> **Your assignment**: Skipping all pictures, please restate word for word the lines from the one that contains "このページは、日本の司法制度" through the last line of the entries.

> **Provided data**:

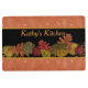 Die bunte Zuhausebodenmatte, die in Orange und in Schwarzem, mit Grafiken des Falles getan wurde, färbte Blätter, über der Mitte. Personifizieren Sie den orangefarbenen Text, um zu lesen, was Sie wollen. Groß für die Küche oder die Waschküche.
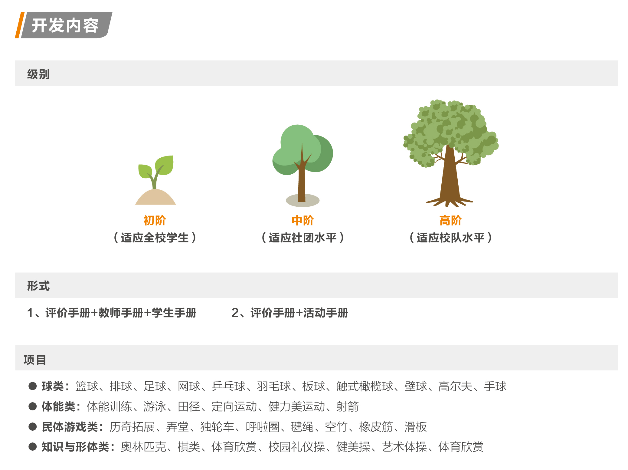 引進(jìn)歐美日先進(jìn)的青少兒體育教育的先進(jìn)理念,根據(jù)中國的具體國情,將專項體育課程分成初、中、高三個等級,并把每個等級的課程細(xì)分成16級,量化的過程化評價,讓孩子們在每一級運(yùn)動技能的掌握上都可以清晰地看到自己的進(jìn)步,以此獲得滿足感和成就感,從而掌握1-2項體育運(yùn)動,并最終養(yǎng)成終身自主運(yùn)動的習(xí)慣。
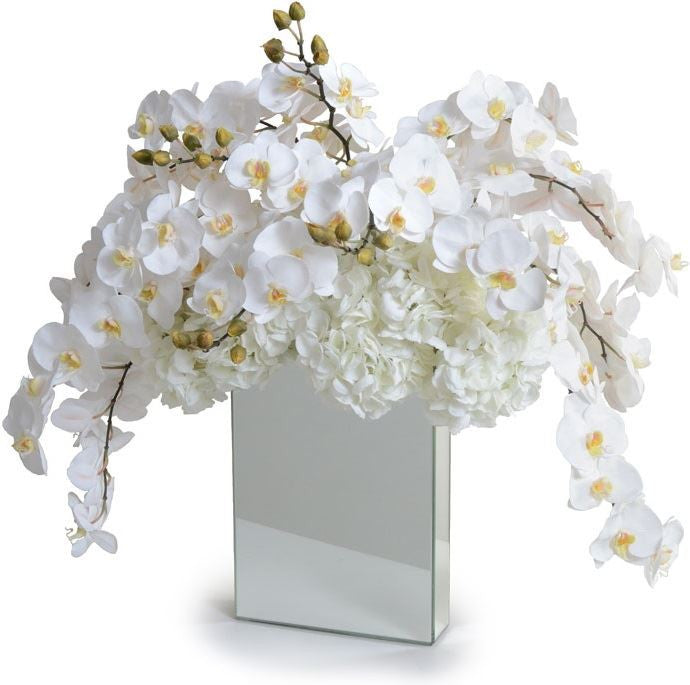 This unique arrangement of realistic white flowers with multiple blooms is at once messy and clean as it comes spilling out of of a sleek mirrored glass vase. Several full white faux Hydrangea flowers are arranged at the base of the bouquet while our extremely lifelike trailing white Phalaenopsis Orchid stems full of buds and yellow-centered blooms cascade from the top. The arrangement is reminiscent of a wedding gown and is ideal for decoration in formal settings. Overall dimensions: 34" long x 24" wide x 34" high.
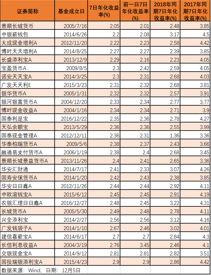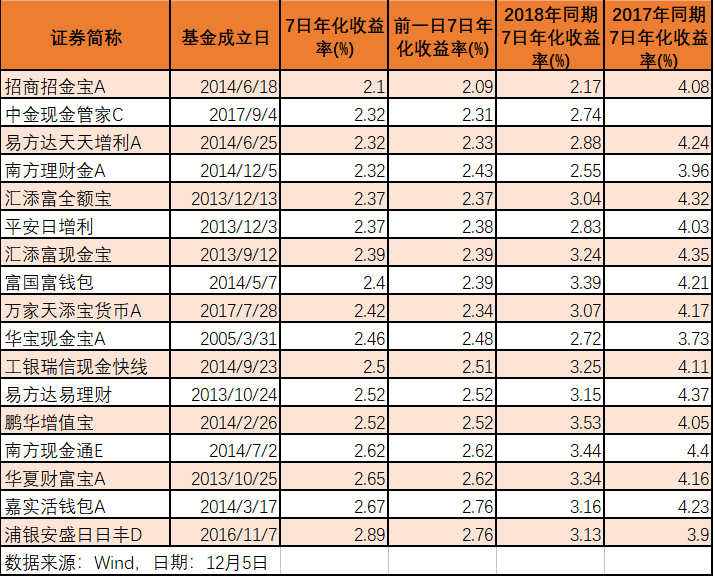 去年底,不少人在为货币基金收益跌破3%叹息,却没想到,今年可能连2%都难以保住。 作为拥有海量用户的两大移动支付平台,支付宝和微信分别设立了余额宝和零钱通,接入多只货币基金以满足用户的零钱储蓄需要。《每日经济新闻》记者注意到,随着货币基金收益的走低,余额宝平台接入的货币基金中已有产品最新7日年化收益率低至2.05%,零钱通旗下的也有货基最新7日年化收益仅为2.1%,距离跌下2%命悬一线。 货币基金收益降低的背后是利率的不断走低,零钱包货币基金带来的那份“稳稳的幸福”是否还在?作为投资者,哪些产品还能考虑呢? 两大移动支付平台旗下货基收益濒临破2% 移动支付平台的货币基金,曾是公募当之无愧的“顶流”明星,即便在当下,“粉丝”依然众多。对于货币基金,投资者憧憬的不是日进斗金的波澜壮阔,而是细水长流的“稳稳幸福”。然而,货币基金带来的幸福感正在与日递减。 虽然货币基金的收益从去年就开始陡降,部分货币基金甚至早早的就跌破2%,但那些货币基金产品毕竟在互联网平台之外,其中部分连续多年收益率垫底。早前就有业内人士指出,对于这些绩差的货基,没必要去关注。但是能被两大移动支付巨头看中,接入平台的这些货币基金显然属于优等生,但却已有跌破“2%”的危机感。 回顾过去两年,当前接入余额宝和零钱通的46只货币基金同期表现均不错,2017年12月5日的7日年化平均收益率为4.04%,2018年同期则是2.81%。然而至今年同期,却只有2.44%,不仅整体破3%,且超30只的7日年化收益率低于2.5%,要知道去年同期7日年化收益率低于2.5%的仅有2只。此外,12月4日收益数据表现令人忧虑,中银薪钱包、景顺长城货币A和招商招金宝A三只产品当日七日年化收益率均不超过2.1%。 华南地区某基金业内人士表示,货币基金收益下行和利率水平有关。他认为,中国利率水平趋势向下,是大势所趋,但并不至于零利率。“零利率很长时间看不到,毕竟中国经济增长还可以,需求还是有的。” 至于货币基金收益是否会继续下行,他认为“再下的概率很大,因为现在整体依然偏高。” 那么是否可能会破2%呢?好买基金研究中心研究员谢首鹏认为,“总体上,利率下行将使得货币基金收益下滑,但目前R-007中枢仍高于2.0,在2.4附近,且当前央行货币政策稳健中性,不会实施“大水漫灌”式刺激政策。截至12月6日,传统货币基金7日年化收益中位数为2.5%,尚有50BP空间,要大面积破2较难。” 稳健投资零钱还能往哪儿放? 有投资人士表示,国内利率或许走低,但却不至于“零利率”或“负利率”那么悲观。 从中长期看,谢首鹏认为,经济增速趋于下行,利率中枢也将逐步走低。“负利率的出现与经济增速和通胀水平高低联系紧密,现阶段国内经济增速仍远高于主要发达经济体,经济失速可能性小,也未出现明显通缩,未来几年出现负利率的概率较低。” 或许不至于零利率或负利率,但当利率走低,货币收益跟跌,投资者的钱还能往哪里投呢?某大型国有银行注册理财规划师认为,现在很多理财平台有:货币基金+债券基金的理财组合(货基、债基配比不同,预期收益分高低),这样的产品比较适合大家转移部分货基资金,稳健的同时分散风险,还能根据需求博取更多收益。同时,各家银行都有安全稳健收益相对较高的类货币产品,可做稳健短期零钱理财工具。此外,逆回购、银行T+0理财、短期理财基金都是不错的选择。 谢首鹏看来,在经济增速缓慢下行背景下,低利率将持续,除非出现经济过热,需要降温。在低利率甚至负利率区间,稳健型投资者可以考虑预期收益较合理的固收型产品,如理财、类货币管理工具、公募债券型基金等。不过,也有业内人士表示,低利率时代,该投货币基金的还是继续投货币基金。市场如此,高收益意味着高风险,并没有两全之法。 余额宝平台29只货币基金7日年化收益情况 零钱通平台17只货币基金7日年化收益情况
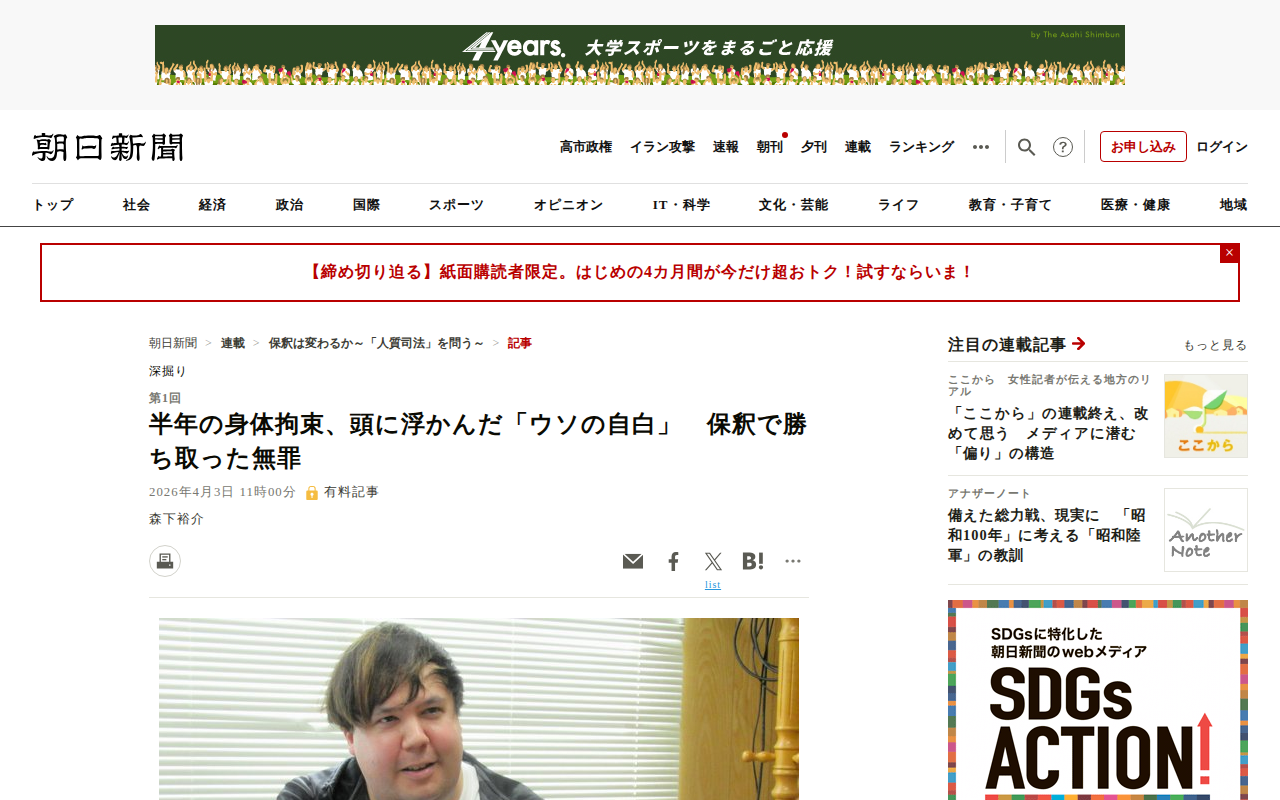 このページは、日本の司法制度における「人質司法」を批判する朝日新聞の連載記事です。米国人英語教師マーカス・カバゾスさんが、知人から受け取った荷物に覚醒剤が入っていたとして逮捕されながらも、容疑を否認し続けた結果、約6ヶ月...
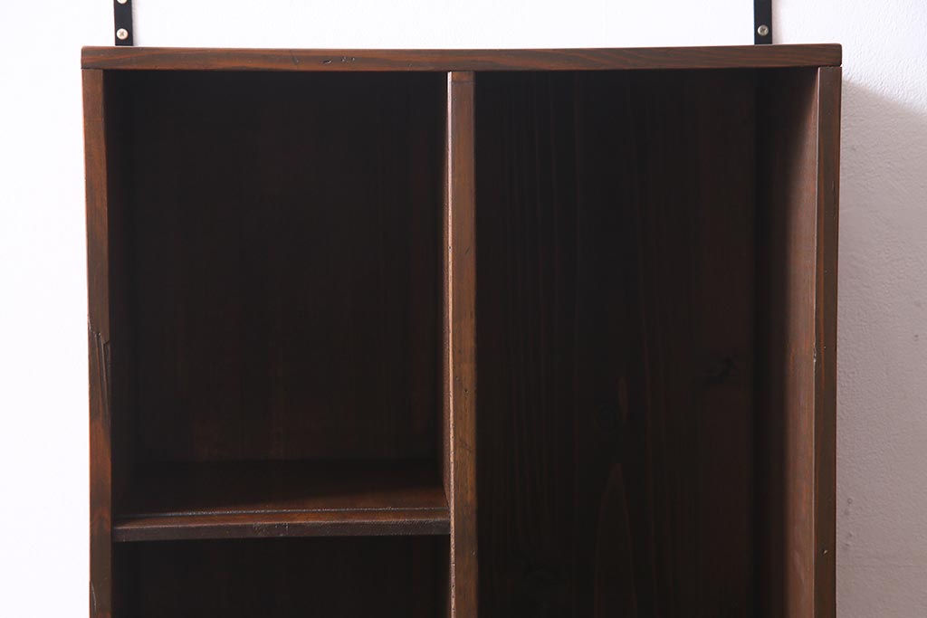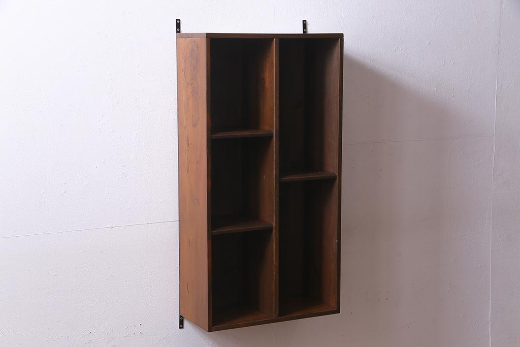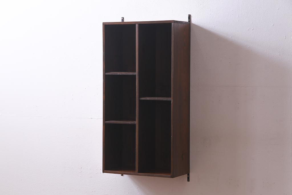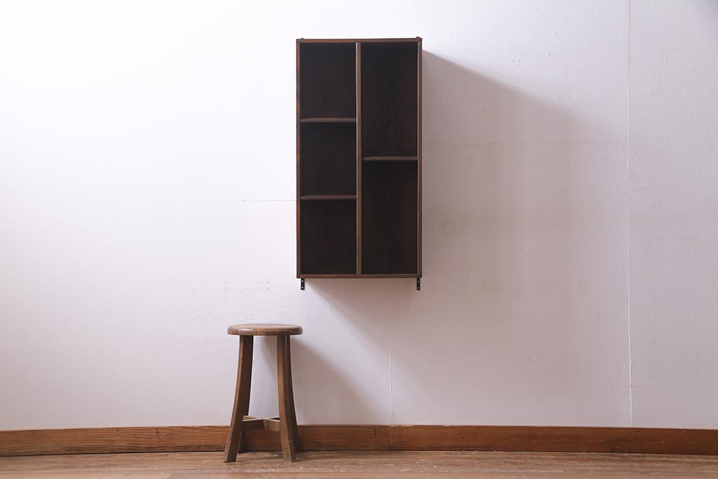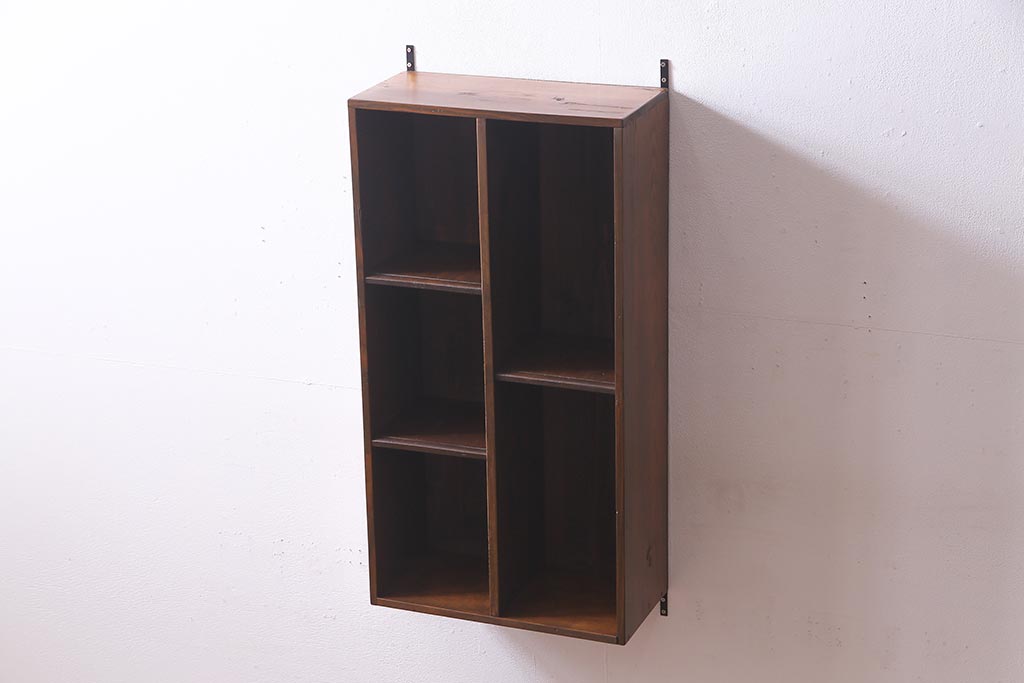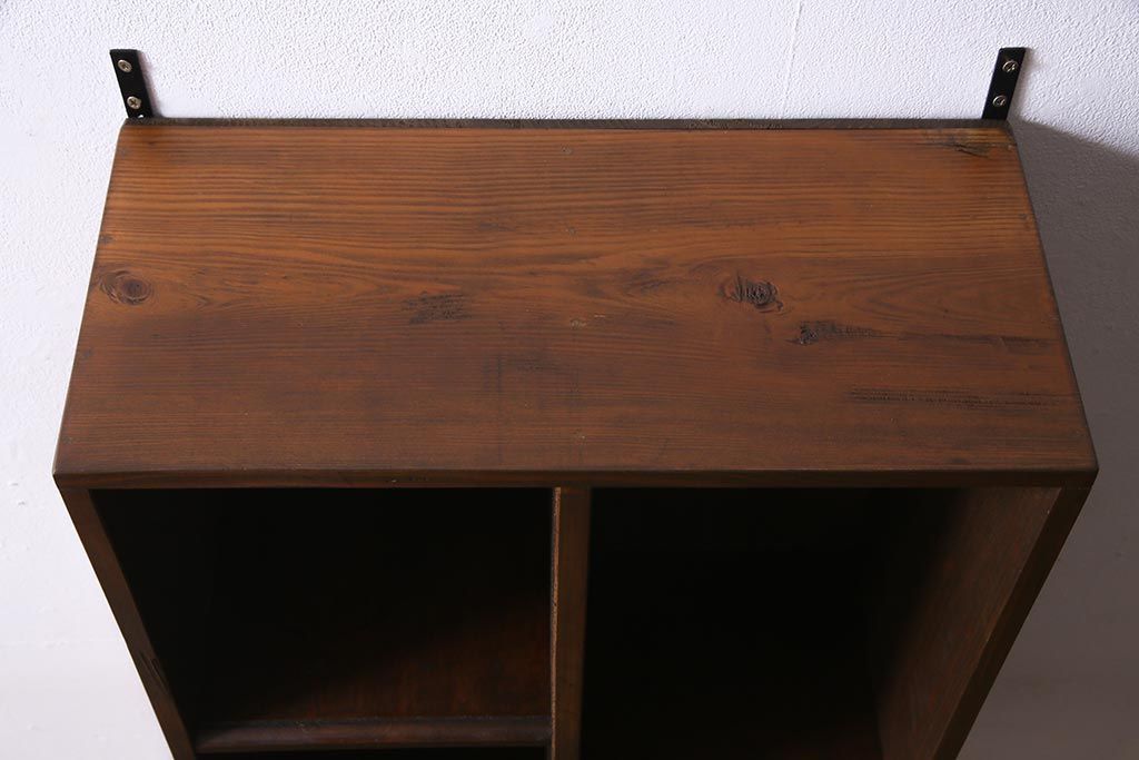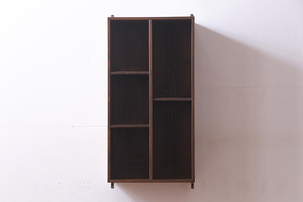 ラフジュ工房オリジナル 古材リメイク家具 ディスプレイが映えるレトロな壁掛け収納棚(ウォールシェルフ、ウォールラック、飾り棚)(R-037582)

> **Output of the task**:
 このページは、日本の司法制度における「人質司法」を批判する朝日新聞の連載記事です。米国人英語教師マーカス・カバゾスさんが、知人から受け取った荷物に覚醒剤が入っていたとして逮捕されながらも、容疑を否認し続けた結果、約6ヶ月...
 ラフジュ工房オリジナル 古材リメイク家具 ディスプレイが映えるレトロな壁掛け収納棚(ウォールシェルフ、ウォールラック、飾り棚)(R-037582)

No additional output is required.